AUTHOR OF “MECHANICAL MOVEMENTS, POWERS AND DEVICES,” “COMPRESSED AIR,” “GAS, GASOLINE AND OIL ENGINES,” ETC., ETC.

1914 EDITION, REVISED AND ENLARGED
NEW YORK
THE NORMAN W. HENLEY PUBLISHING COMPANY
132 NASSAU STREET
1914
Meat Preservatives
(Most of these are considered injurious by the United States Department of Agriculture and should therefore be used with extreme caution.)
The Preservation Of Meats.
—Decomposition of the meat sets in as soon as the blood ceases to pulse in the veins, and it is therefore necessary to properly preserve it until the time of its consumption.
The nature of preservation must be governed by circumstances such as the kind and quality of the article to be preserved, length of time and climatic condition, etc. While salt, vinegar, and alcohol merit recognition on the strength of a long-continued usage as preservatives, modern usage favors boric acid and borax, and solutions containing salicylic acid and sulphuric acid are common, {360}and have been the subject of severe criticism.

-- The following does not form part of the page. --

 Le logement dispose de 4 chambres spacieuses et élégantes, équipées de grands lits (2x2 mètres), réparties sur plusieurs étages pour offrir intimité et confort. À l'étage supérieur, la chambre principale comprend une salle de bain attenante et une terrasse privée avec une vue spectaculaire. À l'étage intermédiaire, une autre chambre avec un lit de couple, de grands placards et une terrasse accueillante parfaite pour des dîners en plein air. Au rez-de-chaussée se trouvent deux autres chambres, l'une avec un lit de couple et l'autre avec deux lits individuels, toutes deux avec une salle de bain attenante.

Many other methods of preservation have been tried with variable degrees of success; and of the more thoroughly tested ones the following probably include all of those deserving more than passing mention or consideration.

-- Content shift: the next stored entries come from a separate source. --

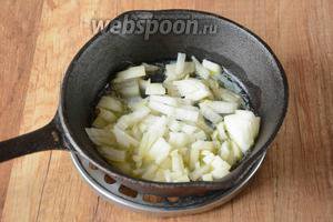 Цибулю порізати кубиками. Обсмажити на розігрітій олії до золотистого кольору.
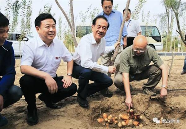 2016年9月6日,韩启德调研九三学社参与『一带一路』倡议社会服务工作,考察社员、北大药学院屠鹏飞教授在新疆的肉苁蓉种植基地
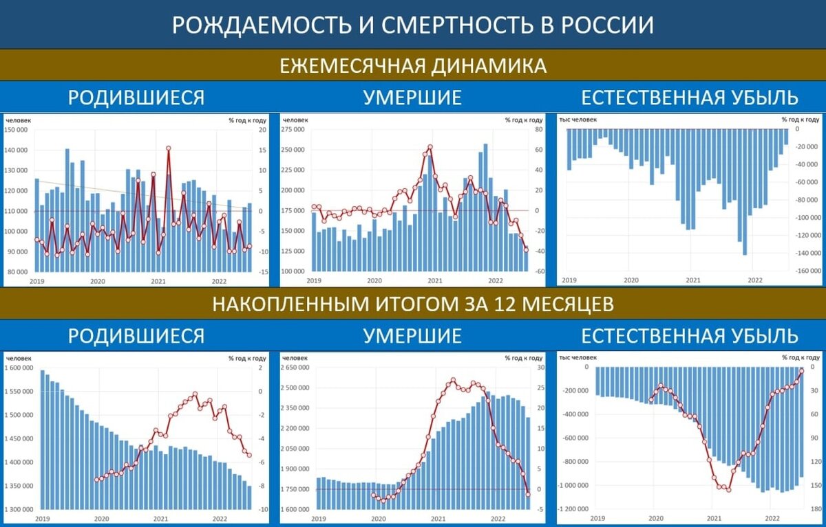 Итоги июля (https://rosstat.gov.ru): • Родившихся: 113.9 тыс (-8.6% гг) • Умерших: 131.8 тыс (-38.8% гг) • Естественная убыль: -17.8 тыс VS -28.7 в июне и -90.7 в июле прошлого года Итоги января-июля: • Родившихся: 749.8 тыс (-6.6% гг) • Умерших: 1150 тыс (-12.5% гг) • Естественная убыль: -401 тыс vs -512.5 тыс в 2021г Смертность в июле была даже ниже, чем в доковидном 2019г. Но это, по-видимому, локальный минимум. Уже в августе смертность от ковида пошла вверх, так что и показатели общей смертности пойдут вверх. Что касается рождаемости, то тут без изменений – снижение идёт очень быстрыми темпами, и перелома этого тренда не видно. Естественная убыль в этом году будет меньше прошлогоднего миллиона, но сокращение населения на 600-650 тыс получим наверняка
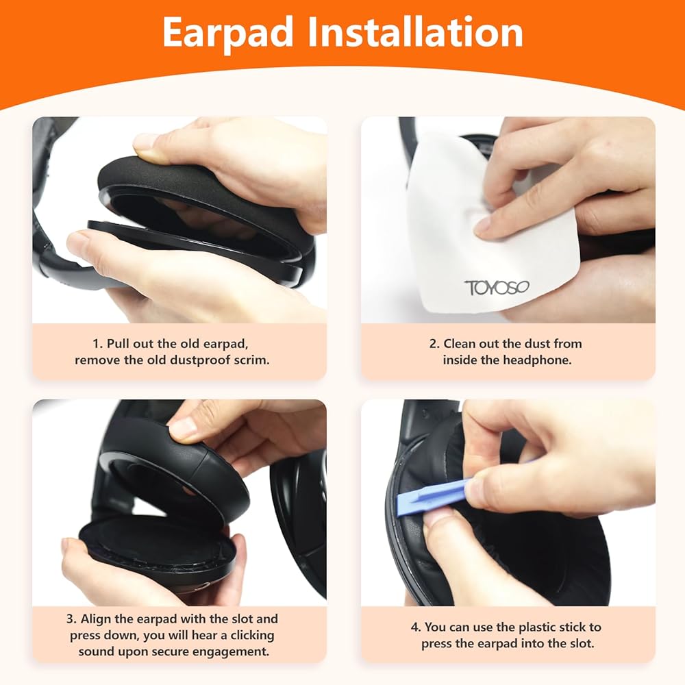 التعبئة والتغليف الكامل: تشتمل عملية الشراء الخاصة بك على زوج من وسائد الأذن، وزوج من السجادات العازلة للصوت، وقطعة قماش للتنظيف، وعتلتين، وأداة مثلثة. لدينا دليل فيديو خطوة بخطوة للاستبدال بدون متاعب، وصندوق مصمم خصيصًا لتخزين وسائد الأذن البديلة في حالة عدم الاستخدام.

1. The exclusion of external, atmospheric electricity, which has been observed to materially reduce the decaying of meat, milk, butter, beer, etc.
2. The retention of occluded electric currents. Meats from various animals packed into the same packages, and surrounded by a conducting medium, such as salt and water, liberate electricity.

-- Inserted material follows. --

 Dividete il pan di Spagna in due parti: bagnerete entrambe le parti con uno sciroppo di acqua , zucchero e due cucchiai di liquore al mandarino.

3. The removal of the nerve centers. Carcasses with the brains and spinal cord left therein will be found more prone to decomposition than those wherefrom these organs have been removed.
4. Desiccation. Dried beef is an excellent example of this method of preservation. Other methods coming under this heading are the application of spices with ethereal oils, various herbs, coriander seed extracted with vinegar, etc.
5. Reduction of temperature, i. e., cold storage.
6. Expulsion of air from the meat and the containers. Appert’s, Willaumez’s, Redwood’s, and Prof. A. Vogel’s methods are representative for this category of preservation. Phenyl paper, Dr. Busch’s, Georges’s, and Medlock and Baily’s processes are equally well known.
7. The application of gases. Here may be mentioned Dr. Gamgee’s and Bert and Reynoso’s processes, applying carbon dioxide and other compressed gases, respectively.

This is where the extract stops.